* What is expected
What is wanted is every line below from the one with "특별전 '동물과 인간'" up to and including the one with "Honoré Daumier, Ratapoil", retyped exactly, pictures excluded, nothing else.

Records from a dataset

------------------------------------------------------------------------

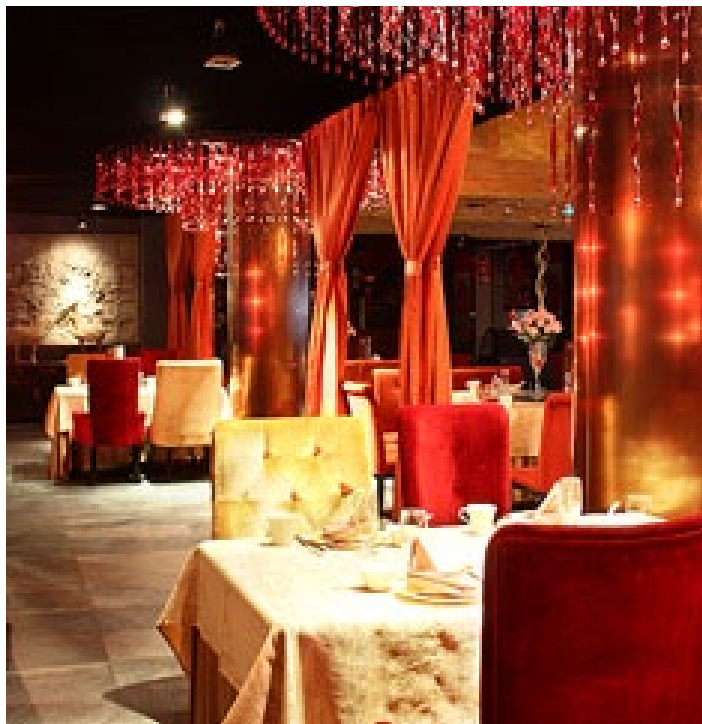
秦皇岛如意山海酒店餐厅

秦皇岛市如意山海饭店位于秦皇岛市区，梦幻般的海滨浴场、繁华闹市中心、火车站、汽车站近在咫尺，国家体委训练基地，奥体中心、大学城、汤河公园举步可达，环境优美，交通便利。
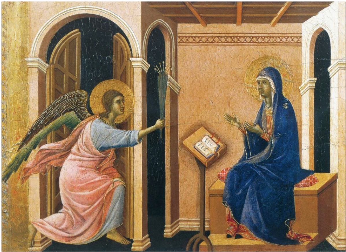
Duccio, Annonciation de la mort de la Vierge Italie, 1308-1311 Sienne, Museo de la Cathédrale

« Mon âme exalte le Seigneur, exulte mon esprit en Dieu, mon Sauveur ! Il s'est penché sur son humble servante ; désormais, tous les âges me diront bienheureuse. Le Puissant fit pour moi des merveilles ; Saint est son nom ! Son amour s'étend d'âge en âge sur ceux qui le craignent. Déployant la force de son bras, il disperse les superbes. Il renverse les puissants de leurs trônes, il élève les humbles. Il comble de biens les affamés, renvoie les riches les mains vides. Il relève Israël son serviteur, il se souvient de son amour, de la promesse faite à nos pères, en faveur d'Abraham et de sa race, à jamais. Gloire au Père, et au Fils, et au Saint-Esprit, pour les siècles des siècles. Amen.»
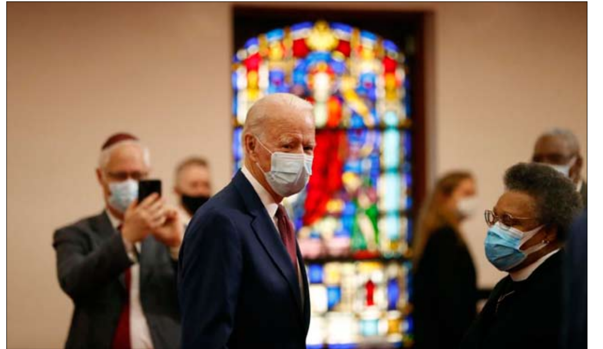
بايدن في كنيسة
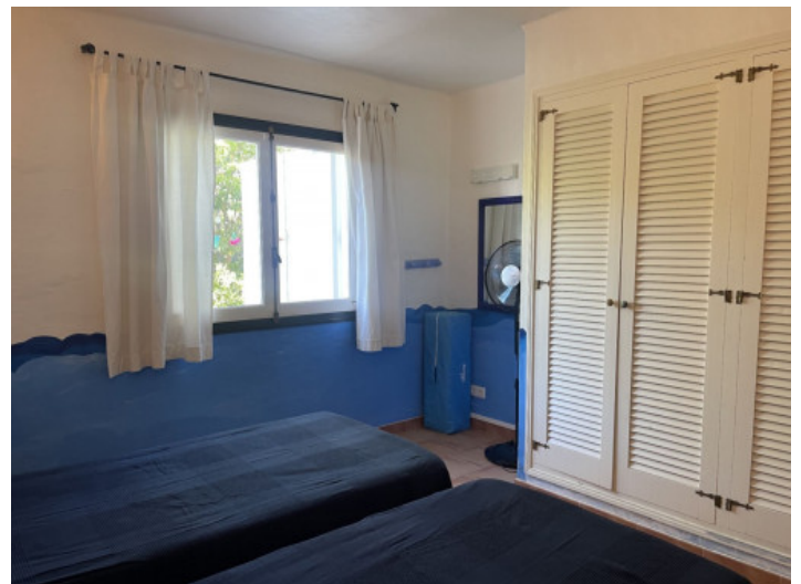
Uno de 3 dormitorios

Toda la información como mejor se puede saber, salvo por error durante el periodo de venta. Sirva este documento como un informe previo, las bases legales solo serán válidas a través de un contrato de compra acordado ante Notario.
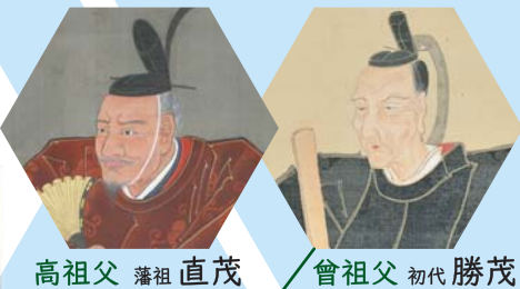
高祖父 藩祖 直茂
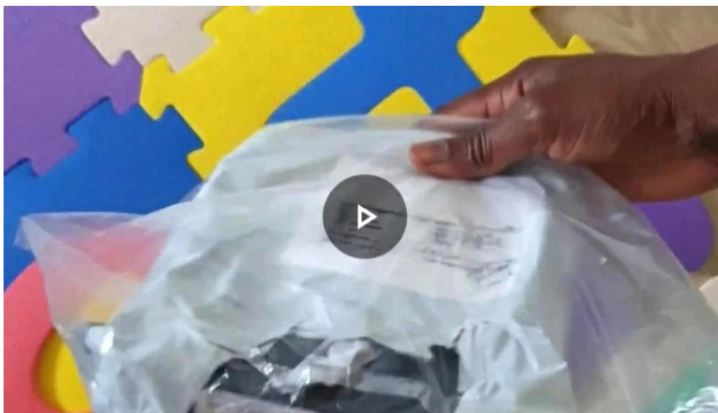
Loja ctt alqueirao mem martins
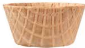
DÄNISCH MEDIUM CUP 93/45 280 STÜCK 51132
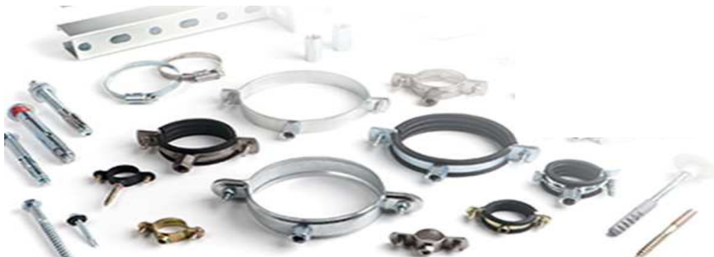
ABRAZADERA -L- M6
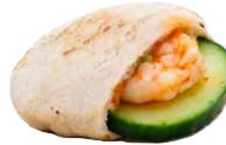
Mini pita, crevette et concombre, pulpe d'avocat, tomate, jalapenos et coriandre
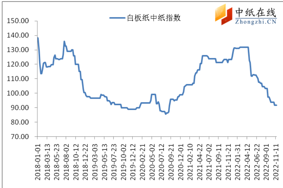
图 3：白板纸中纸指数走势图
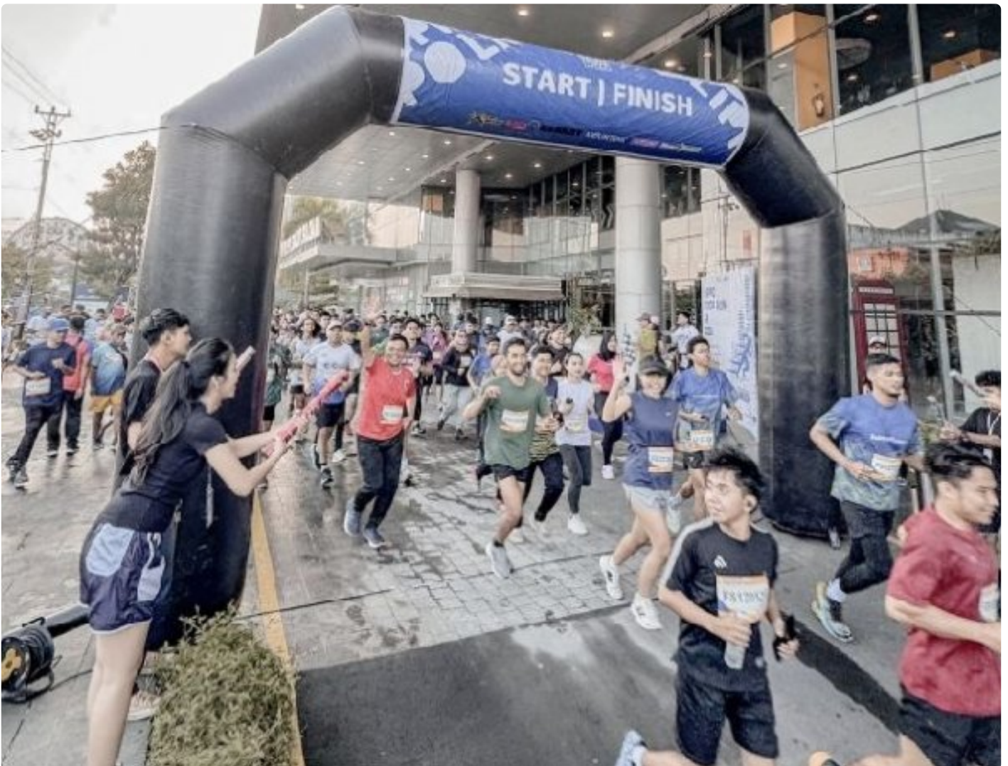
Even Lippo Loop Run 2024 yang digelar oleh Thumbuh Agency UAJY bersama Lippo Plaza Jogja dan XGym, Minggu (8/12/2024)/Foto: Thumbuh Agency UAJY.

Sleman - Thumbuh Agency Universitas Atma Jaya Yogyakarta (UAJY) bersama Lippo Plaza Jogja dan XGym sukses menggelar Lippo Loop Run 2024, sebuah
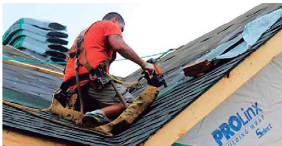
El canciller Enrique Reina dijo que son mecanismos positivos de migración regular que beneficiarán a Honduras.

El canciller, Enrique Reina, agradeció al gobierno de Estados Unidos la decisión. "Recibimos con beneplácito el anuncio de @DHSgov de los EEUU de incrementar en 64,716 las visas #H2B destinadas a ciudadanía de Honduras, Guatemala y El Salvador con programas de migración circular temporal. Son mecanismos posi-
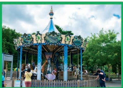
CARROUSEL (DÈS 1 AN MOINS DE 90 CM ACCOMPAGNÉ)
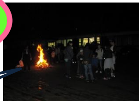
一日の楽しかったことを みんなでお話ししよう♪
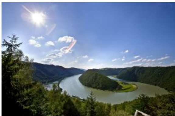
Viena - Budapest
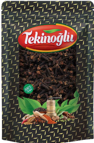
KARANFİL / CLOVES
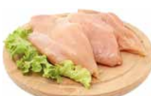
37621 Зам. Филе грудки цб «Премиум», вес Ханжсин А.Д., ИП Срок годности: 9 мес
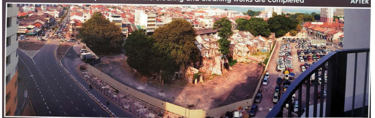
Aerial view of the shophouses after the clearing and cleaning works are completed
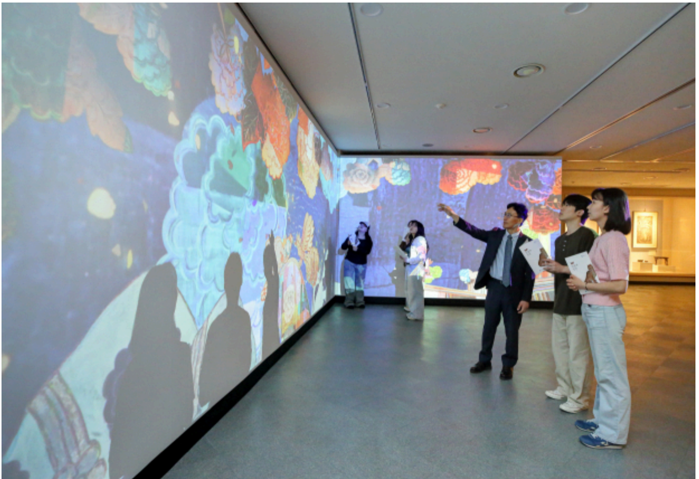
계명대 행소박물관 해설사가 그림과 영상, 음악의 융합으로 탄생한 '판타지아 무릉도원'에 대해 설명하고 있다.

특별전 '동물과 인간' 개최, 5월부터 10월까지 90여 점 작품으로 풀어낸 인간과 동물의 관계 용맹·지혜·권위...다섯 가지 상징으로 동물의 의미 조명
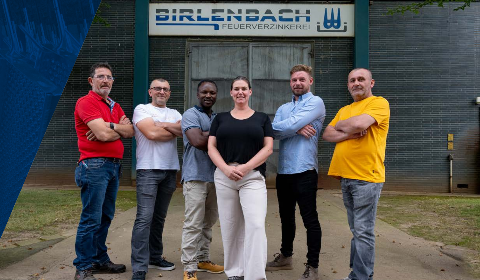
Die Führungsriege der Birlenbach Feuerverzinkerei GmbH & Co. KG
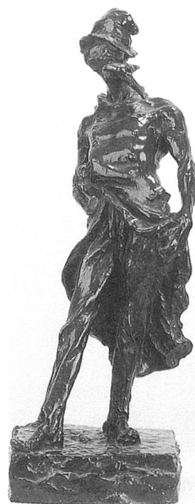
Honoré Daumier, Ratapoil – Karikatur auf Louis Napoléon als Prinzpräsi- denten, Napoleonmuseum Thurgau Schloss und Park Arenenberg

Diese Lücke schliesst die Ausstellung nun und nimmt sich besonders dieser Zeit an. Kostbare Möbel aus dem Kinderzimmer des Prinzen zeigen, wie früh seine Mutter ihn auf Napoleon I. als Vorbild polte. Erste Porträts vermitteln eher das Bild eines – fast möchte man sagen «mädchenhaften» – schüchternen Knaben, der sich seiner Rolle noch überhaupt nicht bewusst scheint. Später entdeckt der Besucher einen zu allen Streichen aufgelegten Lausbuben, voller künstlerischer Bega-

------------------------------------------------------------------------

* Exercise response
특별전 '동물과 인간' 개최, 5월부터 10월까지 90여 점 작품으로 풀어낸 인간과 동물의 관계 용맹·지혜·권위...다섯 가지 상징으로 동물의 의미 조명
Die Führungsriege der Birlenbach Feuerverzinkerei GmbH & Co. KG
Honoré Daumier, Ratapoil – Karikatur auf Louis Napoléon als Prinzpräsi- denten, Napoleonmuseum Thurgau Schloss und Park Arenenberg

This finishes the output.